DATASET EXCERPTS: Begin

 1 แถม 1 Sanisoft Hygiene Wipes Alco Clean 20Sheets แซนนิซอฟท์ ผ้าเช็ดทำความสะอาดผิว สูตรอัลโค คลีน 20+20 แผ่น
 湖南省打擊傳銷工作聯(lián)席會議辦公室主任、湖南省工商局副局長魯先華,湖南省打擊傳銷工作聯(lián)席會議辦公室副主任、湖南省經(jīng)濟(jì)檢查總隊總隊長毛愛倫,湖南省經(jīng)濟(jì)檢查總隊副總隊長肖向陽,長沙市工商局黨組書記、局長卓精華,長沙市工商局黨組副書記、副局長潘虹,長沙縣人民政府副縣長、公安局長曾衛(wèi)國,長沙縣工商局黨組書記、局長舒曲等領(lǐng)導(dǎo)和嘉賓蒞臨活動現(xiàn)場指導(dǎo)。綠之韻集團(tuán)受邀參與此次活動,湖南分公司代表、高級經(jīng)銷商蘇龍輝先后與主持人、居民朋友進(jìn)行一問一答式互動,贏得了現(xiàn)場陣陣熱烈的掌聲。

DATASET EXCERPTS: End
DATASET EXCERPTS: Begin

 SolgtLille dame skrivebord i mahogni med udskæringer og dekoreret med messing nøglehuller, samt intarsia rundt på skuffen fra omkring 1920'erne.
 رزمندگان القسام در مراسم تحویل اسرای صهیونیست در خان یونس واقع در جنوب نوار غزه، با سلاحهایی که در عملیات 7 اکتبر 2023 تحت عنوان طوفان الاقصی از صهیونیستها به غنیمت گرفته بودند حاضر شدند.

DATASET EXCERPTS: End
DATASET EXCERPTS: Begin

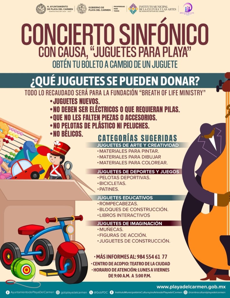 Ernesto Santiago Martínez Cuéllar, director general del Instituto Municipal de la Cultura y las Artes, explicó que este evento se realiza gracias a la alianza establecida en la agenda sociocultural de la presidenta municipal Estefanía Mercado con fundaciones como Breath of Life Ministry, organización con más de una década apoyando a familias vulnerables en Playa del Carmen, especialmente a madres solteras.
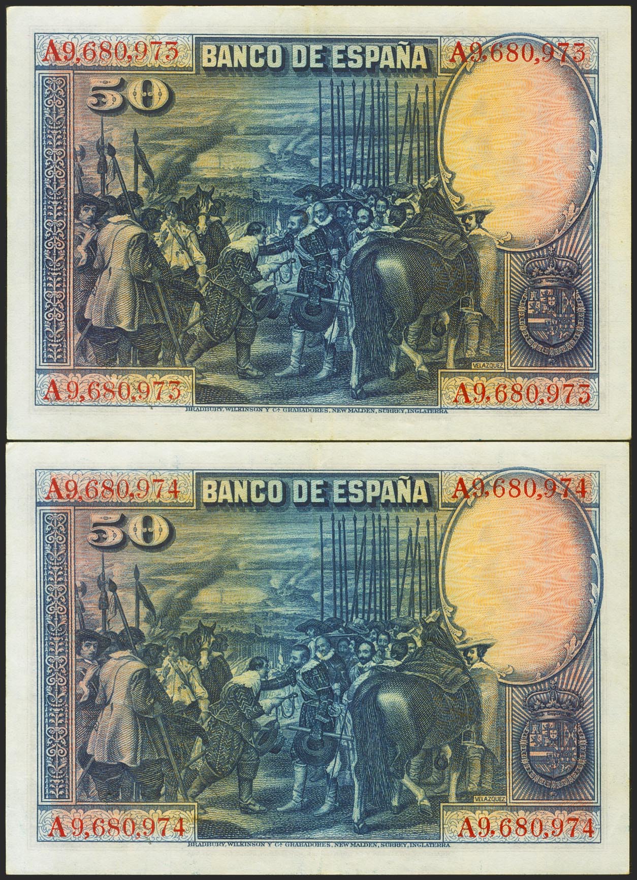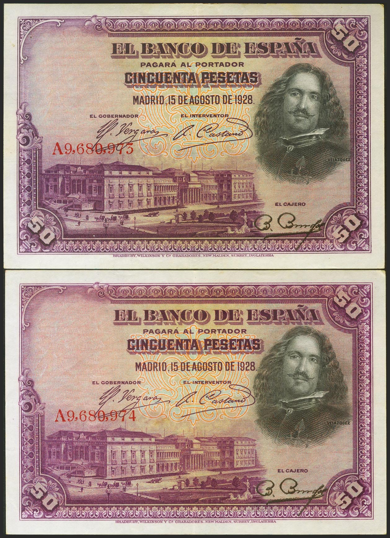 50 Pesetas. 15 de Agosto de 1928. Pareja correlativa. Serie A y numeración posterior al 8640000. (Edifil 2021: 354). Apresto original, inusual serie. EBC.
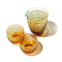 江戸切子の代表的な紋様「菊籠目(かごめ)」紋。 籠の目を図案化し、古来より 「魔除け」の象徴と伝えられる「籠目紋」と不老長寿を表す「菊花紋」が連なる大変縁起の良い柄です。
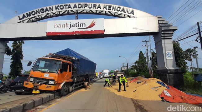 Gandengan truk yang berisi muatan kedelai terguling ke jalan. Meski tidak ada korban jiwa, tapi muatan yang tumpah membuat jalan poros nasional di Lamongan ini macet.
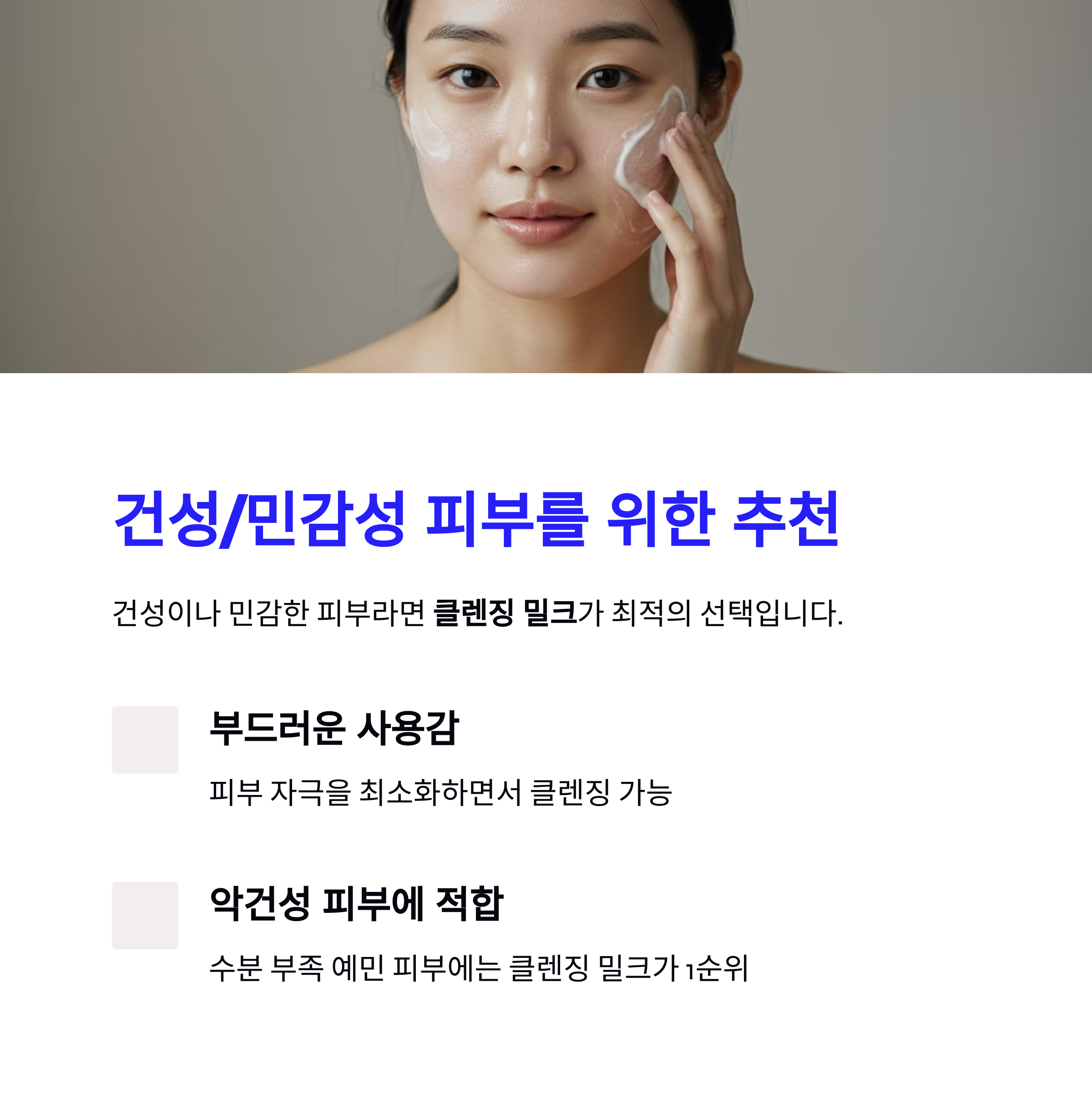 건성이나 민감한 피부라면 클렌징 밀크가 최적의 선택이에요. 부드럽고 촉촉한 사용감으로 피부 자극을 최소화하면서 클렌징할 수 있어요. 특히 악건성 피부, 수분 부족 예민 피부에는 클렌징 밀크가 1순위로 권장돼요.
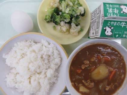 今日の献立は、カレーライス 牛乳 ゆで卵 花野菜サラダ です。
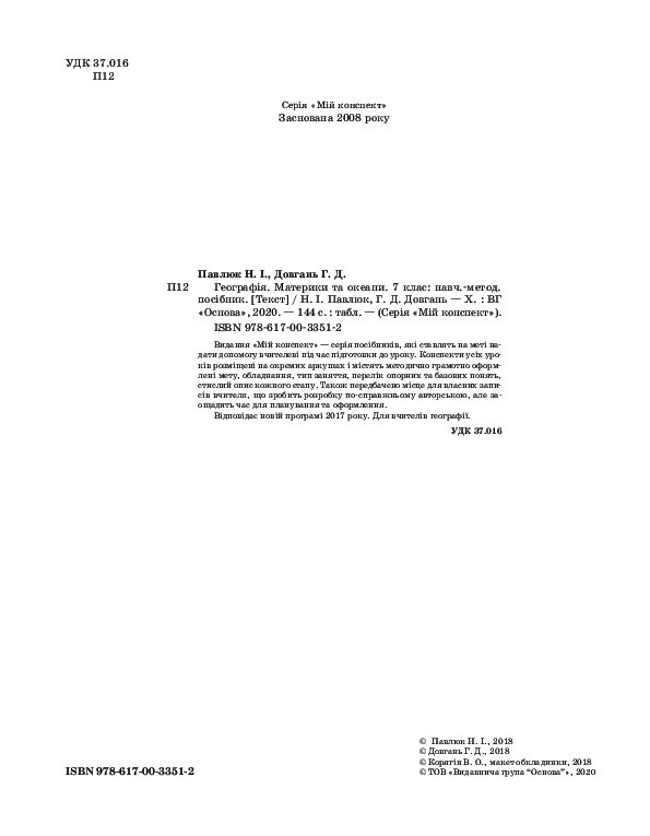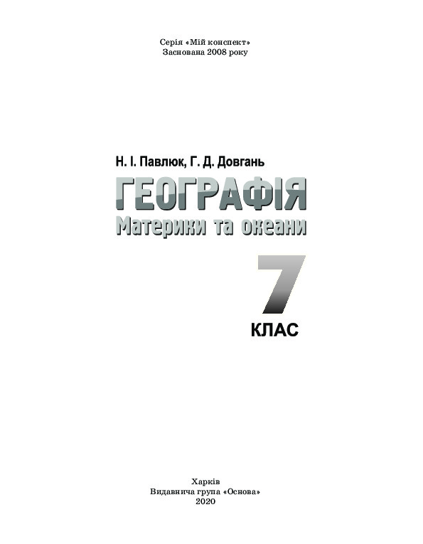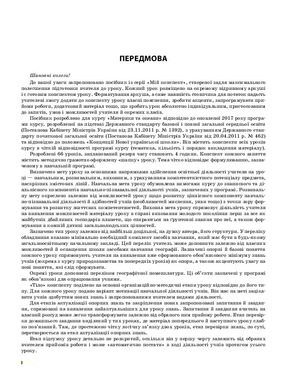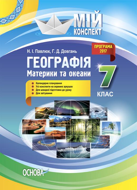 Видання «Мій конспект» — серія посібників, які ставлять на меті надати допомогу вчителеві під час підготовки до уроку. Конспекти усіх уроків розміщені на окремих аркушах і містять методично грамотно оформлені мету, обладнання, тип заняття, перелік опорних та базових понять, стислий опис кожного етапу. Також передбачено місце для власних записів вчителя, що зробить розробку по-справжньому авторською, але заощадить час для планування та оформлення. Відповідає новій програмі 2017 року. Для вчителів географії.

DATASET EXCERPTS: End

*TASK OBJECTIVE*:
Would you copy, unchanged, the stretch of the records above that begins at the line containing "1 แถม 1 Sanisoft" and ends at the line containing "湖南省打擊傳銷工作聯(lián)席會議辦公室主任、湖南省", and only that?

*WRITTEN RESPONSE*:
 1 แถม 1 Sanisoft Hygiene Wipes Alco Clean 20Sheets แซนนิซอฟท์ ผ้าเช็ดทำความสะอาดผิว สูตรอัลโค คลีน 20+20 แผ่น
 湖南省打擊傳銷工作聯(lián)席會議辦公室主任、湖南省工商局副局長魯先華,湖南省打擊傳銷工作聯(lián)席會議辦公室副主任、湖南省經(jīng)濟(jì)檢查總隊總隊長毛愛倫,湖南省經(jīng)濟(jì)檢查總隊副總隊長肖向陽,長沙市工商局黨組書記、局長卓精華,長沙市工商局黨組副書記、副局長潘虹,長沙縣人民政府副縣長、公安局長曾衛(wèi)國,長沙縣工商局黨組書記、局長舒曲等領(lǐng)導(dǎo)和嘉賓蒞臨活動現(xiàn)場指導(dǎo)。綠之韻集團(tuán)受邀參與此次活動,湖南分公司代表、高級經(jīng)銷商蘇龍輝先后與主持人、居民朋友進(jìn)行一問一答式互動,贏得了現(xiàn)場陣陣熱烈的掌聲。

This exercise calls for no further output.